Since the function itself has 2 clear parts (geometry deserialization and lwgeom_mindistance2d call) I decided to narrow down the context change to the function call (after generating the geometries from the serialized buffers), and with that the leak was also gone, so lwgeom_mindistance2d might be allocating memory and not freeing it, which is odd since it's tested in liblwgeom under valgrind.
comment:11 by , 4 years ago
Owner: | changed from | to
---|
comment:12 by , 4 years ago
Milestone: | PostGIS 3.0.3 → PostGIS 3.0.4 |
---|
comment:14 by , 4 years ago
Hm, I don't see any valgrind tests of liblwgeom in the ci scripts anymore. Not that I'm seeing any problems running manually.
==98887== LEAK SUMMARY: ==98887== definitely lost: 0 bytes in 0 blocks ==98887== indirectly lost: 0 bytes in 0 blocks ==98887== possibly lost: 0 bytes in 0 blocks
comment:15 by , 3 years ago
Any hopes of having this dealt with in next couple of days or should we push to 3.0.5?

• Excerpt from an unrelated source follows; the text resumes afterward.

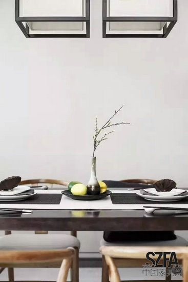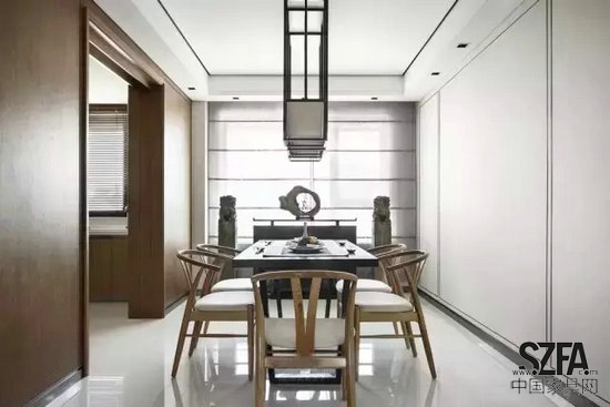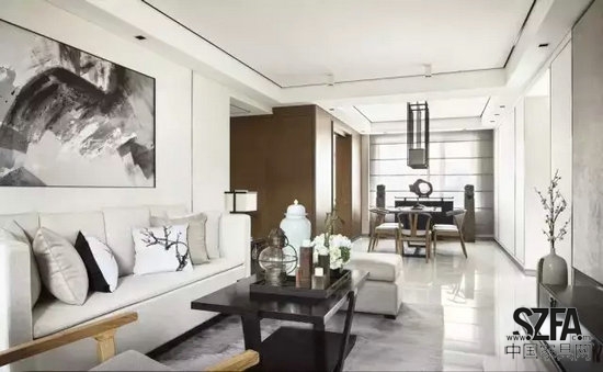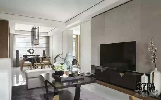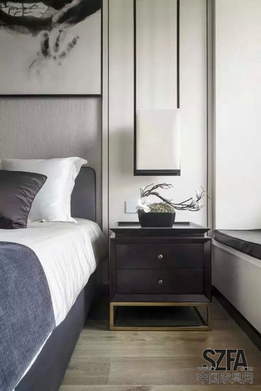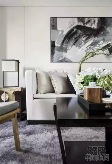 從入口處一面墻的寫意水墨淡淡的從遠處慢慢滲入,于是,會客廳沙發背景、走道盡頭端景、主臥床頭背景以及案幾上無意擺放的,都是或多或少、或重或輕的寫意水墨,行云流水,一氣呵成。

comment:16 by , 3 years ago
Milestone: | PostGIS 3.0.4 → PostGIS Fund Me |
---|
It needs further investigation at both PG and Postgis level
comment:17 by , 3 years ago
I did investigation of this problem and discovered that memory leaks on PG side. Thread: https://www.postgresql.org/message-id/flat/CAHqSB9gECMENBQmpbv5rvmT3HTaORmMK3Ukg73DsX5H7EJV7jw%40mail.gmail.com
comment:18 by , 3 years ago
Fix is pushed in Postgres and backported to all supported versions https://github.com/postgres/postgres/commit/3f74daa8dfc634132ff7270212c57da5e316b001
comment:19 by , 3 years ago
A big thanks to all of you for this thorough investigation and fix. You are awesome!

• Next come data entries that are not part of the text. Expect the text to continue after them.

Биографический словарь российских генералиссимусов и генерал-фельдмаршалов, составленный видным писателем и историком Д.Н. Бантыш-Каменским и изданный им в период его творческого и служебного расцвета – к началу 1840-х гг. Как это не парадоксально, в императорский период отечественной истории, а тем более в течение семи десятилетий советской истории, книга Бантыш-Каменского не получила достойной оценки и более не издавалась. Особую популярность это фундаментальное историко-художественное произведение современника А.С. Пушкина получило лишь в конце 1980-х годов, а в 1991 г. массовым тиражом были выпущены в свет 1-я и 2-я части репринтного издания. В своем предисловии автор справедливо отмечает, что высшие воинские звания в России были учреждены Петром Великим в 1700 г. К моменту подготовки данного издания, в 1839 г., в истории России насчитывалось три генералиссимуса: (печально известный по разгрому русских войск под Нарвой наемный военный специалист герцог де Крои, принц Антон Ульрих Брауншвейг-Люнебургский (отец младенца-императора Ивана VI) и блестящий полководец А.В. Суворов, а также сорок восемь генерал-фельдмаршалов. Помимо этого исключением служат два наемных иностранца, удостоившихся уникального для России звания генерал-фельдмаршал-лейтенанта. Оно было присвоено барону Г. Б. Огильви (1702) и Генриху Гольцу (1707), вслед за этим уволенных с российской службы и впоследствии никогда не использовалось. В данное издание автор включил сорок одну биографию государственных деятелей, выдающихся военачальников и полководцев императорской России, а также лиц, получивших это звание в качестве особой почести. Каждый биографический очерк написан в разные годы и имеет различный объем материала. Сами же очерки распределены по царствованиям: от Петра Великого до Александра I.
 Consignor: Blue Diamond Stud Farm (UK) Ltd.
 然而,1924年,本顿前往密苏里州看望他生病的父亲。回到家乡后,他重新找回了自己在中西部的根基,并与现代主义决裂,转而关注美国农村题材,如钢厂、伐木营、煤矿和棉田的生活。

comment:20 by , 3 years ago
Milestone: | PostGIS Fund Me → PostGIS PostgreSQL |
---|---|
Resolution: | → fixed |
Status: | new → closed |
@kalenik thanks for fixing.
I'm afraid I'm not seeing this effect... at least not at anything remotely the level you describe. My memory use under both PostGIS 3.0 and 3.1 (master) is climbing only veeeery slowly (14M usage after 4 mintes). It *might* be a leak, but it's not the gusher you're seeing. Only difference in my test is using the 50m dataset instead of 110m. I will attempt with your exact data later.